Zahnherde: Leichenkammern der Mundhöhle

27. August 2011 | Kategorie: Aufgelesen

von Hans-Jörg Müllenmeister

Uralte Kulturen wie die Assyrer und Chinesen fanden vor mehr als 4000 Jahren empirisch eine Wechselbeziehung zwischen den Zähnen und Organen. Schon die alten Chinesen sahen Energieleitbahnen, sogenannte Meridiane, die jeder Zahn mit bestimmten Organen oder Geweben verbindet. Während man abgestorbene Gliedmaßen amputiert, weil sie sonst durch Leichengifte und freigesetzte Bakterien den Körper zerstören, verbleiben tote Zähne, die genau die gleichen Leichengifte abgeben, meist im Körper. Aber Achtung: devitale, also tote Zähne sind in jedem Fall tickende Giftbomben…

Zahnstörfelder lauern im Hinterhalt unseres „Speisezimmers“?

Störursachen sind z.B. Zähne mit entzündeter Pulpa, wurzelbehandelte tote Zähne, Wurzelreste im Kiefer, unbehandelte Zahnfleischtaschen Zahnbettentzündungen, also Parodontitis, nicht verträglicher Zahnersatz und Füllmaterial wie Amalgam, Fehlstellungen der Zähne und des Kiefers, Zysten.

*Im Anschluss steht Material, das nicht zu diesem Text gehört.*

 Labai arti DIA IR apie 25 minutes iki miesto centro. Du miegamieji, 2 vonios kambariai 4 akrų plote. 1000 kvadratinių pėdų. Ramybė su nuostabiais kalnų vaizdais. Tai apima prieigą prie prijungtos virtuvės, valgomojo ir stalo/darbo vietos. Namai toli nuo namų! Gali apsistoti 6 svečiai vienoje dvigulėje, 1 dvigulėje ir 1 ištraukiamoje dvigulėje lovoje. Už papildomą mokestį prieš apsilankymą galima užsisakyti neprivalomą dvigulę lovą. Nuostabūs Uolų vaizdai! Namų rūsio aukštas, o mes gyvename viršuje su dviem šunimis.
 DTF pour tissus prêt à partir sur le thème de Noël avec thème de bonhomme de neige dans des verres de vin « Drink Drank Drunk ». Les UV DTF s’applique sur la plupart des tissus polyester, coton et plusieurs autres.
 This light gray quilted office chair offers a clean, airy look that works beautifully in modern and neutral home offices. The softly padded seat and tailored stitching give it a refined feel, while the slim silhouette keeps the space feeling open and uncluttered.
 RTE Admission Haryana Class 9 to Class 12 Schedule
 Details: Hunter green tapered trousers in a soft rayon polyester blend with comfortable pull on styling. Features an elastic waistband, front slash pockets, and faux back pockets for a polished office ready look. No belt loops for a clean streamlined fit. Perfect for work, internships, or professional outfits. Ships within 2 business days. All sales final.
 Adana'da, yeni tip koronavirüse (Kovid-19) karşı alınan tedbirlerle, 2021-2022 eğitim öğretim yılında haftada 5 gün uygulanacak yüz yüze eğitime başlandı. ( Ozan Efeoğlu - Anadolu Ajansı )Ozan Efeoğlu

Nicht all diese Störherde lassen sich durch Panorama-Röntgenaufnahmen oder/und durch Kältereiz sicher aufspüren. Da hilft nur die IR-Thermographie. Damit ist ein verdächtiger Zahnherd aufzuspüren. Ein Zahn kann bereits zu 80 Prozent abgestorben sein, obschon der Vitalitätstest ihn als „gesund“ ausweist. Entzündungen des Kieferknochens sind in nur 50 Prozent der Fälle auf dem Röntgenbild erkennbar. Dazu muß man wissen, dass sich im Röntgenbild eine Aufhellung um eine Wurzelfüllung herum erst dann zeigt, wenn schon bis zu 40 Prozent der Knochensubstanz abgebaut ist.

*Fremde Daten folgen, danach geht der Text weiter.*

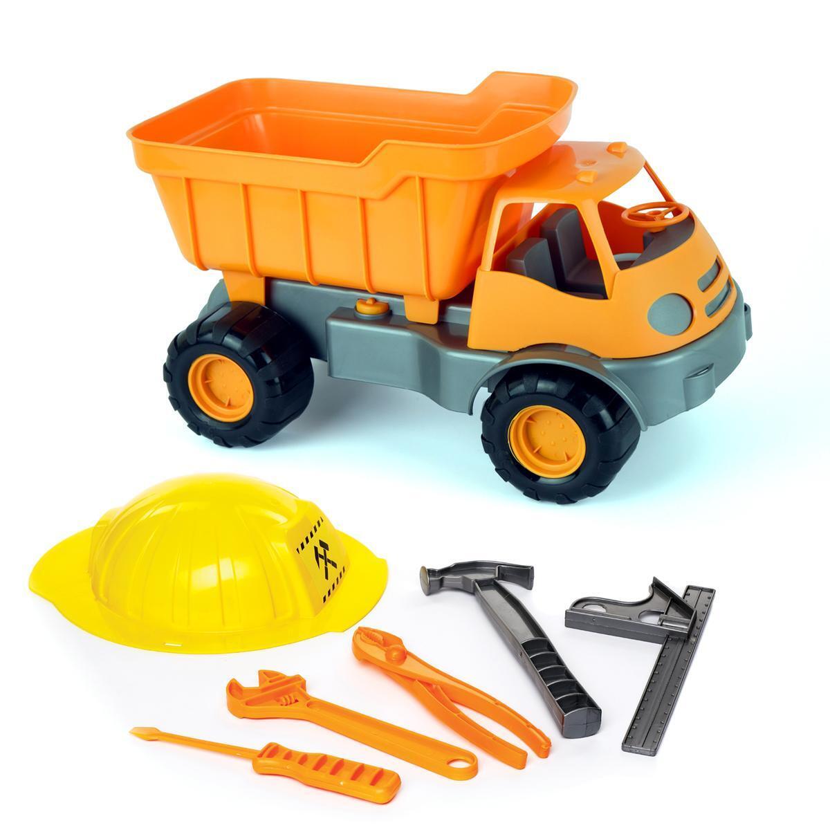 Самосвал предназначен для детей, которые любят играть с транспортом и строить. Он идеально подходит для игры как на улице, так и в помещении. Все элементы машинки имеют увеличенные размеры, что удобно для маленьких ручек ребенка. В комплекте с самосвалом идет жёлтая каска и набор пластиковых инструментов, включая молоток, гаечный ключ, плоскую отвертку, трёхгранник и линейку, выполненные в ярком оранжевом цвете.
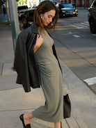 The Rebecca Mock Neck Dress, crafted from soft sweater-like Hacci Rib fabric, offers a flattering midi fit that hugs your curves. Its versatile design easily transitions from a polished look with heels to a laid-back vibe paired with a denim jacket. Available in a stylish Castor Grey, it’s perfect for both casual outings and dressier occasions.
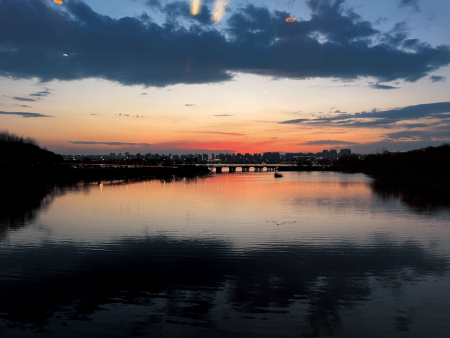 そしてこの下の写真は宿泊先ホテルからの風光明媚な景色です。到着した日は暗かったので気づきませんでしたが、朝起きてビックリしました。そして到着翌日の夕方、スマホでさっとパシャリ。

Wie verursacht ein kranker Zahn Schäden im Körper?

Ein gesunder Zahn ist mit seiner Wurzel im Kieferknochen eingebettet und durch ein fasriges Haltesystem dämpfend aufgehängt. Im Inneren des Zahns ruht der Zahnnerv mit Blutgefäßen. Dieses Gefäß-Nervenbündel ernährt den Zahn. Gleichzeitig wirkt die Nervenreizung wie ein Warnsystem. Schmerzmeldungen zeigen defekte oder erkrankte Zähne an. Ist aber dieser Nerv stark gereizt, etwa durch einen gebrochenen, überbelasteten, kariösen oder entzündeten Zahn, kann er absterben. Zurück bleiben im verzweigten Wurzelkanalsystem totes Nervengewebe: ein Füllhorn der Bakterien und Leichengifte. Der Zahn steht aber mit dem umliegenden Gewebe in Verbindung. Über die Wurzelhaut und über die Markräume des Kieferknochens gibt es ständig einen Austausch mit dem Blutsystem des Organismus: Bakterien und Gifte können den Körper überschwemmen. Noch gravierender sind die angerichteten Schäden der Zähne, die unbemerkt abgestorben aber nicht wurzelbehandelt sind.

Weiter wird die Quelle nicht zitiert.